1st, why Bakersfield? A few good reasons.. Because its where my boyfriend and his brother live, and bakersfield also has great trucking schools which is what my boyfriend and I plan on doing together once I get there. The apartment he lives at seems nice and very affordable (only 500 a month which I bet is hard to find) and they also have nice, cheap trailer parks to live at in case I decide to bring my camper trailer to live in.) 

I'm happy to take what I can get..A dry lot would work, especially if it can fit a few horses in it together. I dont care if it has grass in it, I just want enough room where my horses can socialize together and play around a bit.
Since Im going to doing truck driving, Im probably only going to get to ride once or twice a week at very max.(and that's if I come home on the weekends.. every trucker job is different but I hope to get a job with that kind of schedule) My most energetic mare has health issues that prevents her from being ridden, so she normally burns her energy being on pasture 24/7 here in Jersey.

I'm pretty clueless as to what happens during fire emergencies? Do barns usually have a fire escape plan that involves evacuating all of the horses, regardless of whether the owner is there or not? Or do most owners have their own trailer and end up hauling away their own horses, and some get left behind? Meaning like if your not there to save them, oh well? I know that fires like that come very sudden so its hard to imagine that every owner would have enough time to drive to their stables (especially those far way) and evacuate their horse. 
And if Im driving across the country in a truck, there's no way I would get there in time. Which is the sole reason why Im worried to bring my horses to Cali.


----------



## CaliforniaDreaming (May 8, 2011)

Pretentious Pony said:


> I'm pretty clueless as to what happens during fire emergencies? Do barns usually have a fire escape plan that involves evacuating all of the horses, regardless of whether the owner is there or not?

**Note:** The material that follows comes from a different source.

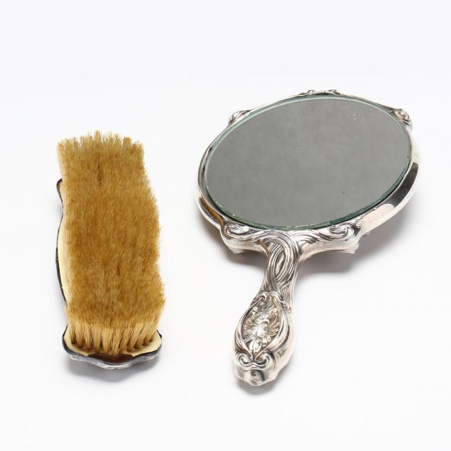 The hand mirror with Art Nouveau design of a woman with daisies (9.75 x 5.5 in.) (replaced mirror is loose, denting to silver); the clothesbrush with Art Nouveau design of a woman with irises, period script monogram, model number 0567 (LOA 7.5 in.) (some denting to silver, some minor loss to celluloid backing of brush).

Or do most owners have their own trailer and end up hauling away their own horses, and some get left behind? Meaning like if your not there to save them, oh well? I know that fires like that come very sudden so its hard to imagine that every owner would have enough time to drive to their stables (especially those far way) and evacuate their horse.
> And if Im driving across the country in a truck, there's no way I would get there in time. Which is the sole reason why Im worried to bring my horses to Cali.

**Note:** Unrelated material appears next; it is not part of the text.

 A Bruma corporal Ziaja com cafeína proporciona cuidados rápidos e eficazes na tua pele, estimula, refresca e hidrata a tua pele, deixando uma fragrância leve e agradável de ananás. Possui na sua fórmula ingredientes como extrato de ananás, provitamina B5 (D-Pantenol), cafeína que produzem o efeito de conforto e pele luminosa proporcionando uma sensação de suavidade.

I’ve only ever had to evacuate my horse once for a fire and that was in 2008 when it started at the top of the canyon where the ranch I board at is. Every other time there’s been a fire, we’ve never had to leave because of location, topography and the sundowner winds. (knock wood though) in fact, a fire a few years ago was literally a few canyons west, but the high school down the road was the command center for the fire crews and they were between us and the blaze so I chose to stay. Last November, maybe 3-4 miles east was another pretty big fire that a few barns had to evacuate from, but because of how the fire was moving (east, upslope during the day, and downslope in the night) we were outside the evacuation warning zone and even er had to leave or deal with smoke. I’ve probably used my trailer more times to haul out for trailer rides than I have for fire evacuation (although I’ve hitched up every time just as a precaution). 

What will usually happen in regards to a barn plan for evacuating horses, is there are organizations that are geared towards equine evac. I’m in Santa Barbara county (on the coast, about 2.5 hours from Bakersfield) and we have a really good evacuation team of volunteers with their trailers that will go in and evacuate horses within the mandatory or evacuation warning areas, and they’ll bring them to the local showgrounds which is their staging area. They’re the ones who came in and evacuated my barn in the middle of the night back in 2008. A lot of people will usually have their own rigs, but not everyone does. I have seen people just come get their own horses and take off and be pretty much “you’re on your own”, but I’ve always liked to stick around as long as I can to reassure those without trailers that I’m not abandoning them. Besides which, we’ve never been in an evacuation warning zone or mandatory evacuation zone since 2008 and our equine evac team will not let just anybody show up at the showgrounds if they are not being warned or are not on mandatory (it happened a few years ago and things got a little ugly) so again, that’s another reason for staying put.


----------



## whisperbaby22 (Jan 25, 2013)

walkinthewalk I think that we can agree that all areas have their good and bad points. I live farther south, but can second the fact that fire is a reality in this state. Most of the time a fire will not cause a problem, the problem is when there is a fire during a wind event, like the sundowners mentioned above. When that happens there are groups that will evacuate livestock. They are usually very well organized and the animals will be put in a fairgrounds or something like that. You can do things to make life easier, for instance making sure you have good identification of your horses, and making sure they will load easily in any type of trailer.

That said, Bakersfield as I understand is growing, which should make things easier for you. Bakersfield itself is a bit "blah" and summer heat an smog can be bad. But the location is great, it is kind of in the middle of things. You can do a day drive to the beach, you can drive up to Lake Isabella or Tehachapi, both stunning areas, you are not to far from LA or really any parts of the state that are not to far north. I hope you enjoy living here in California.


----------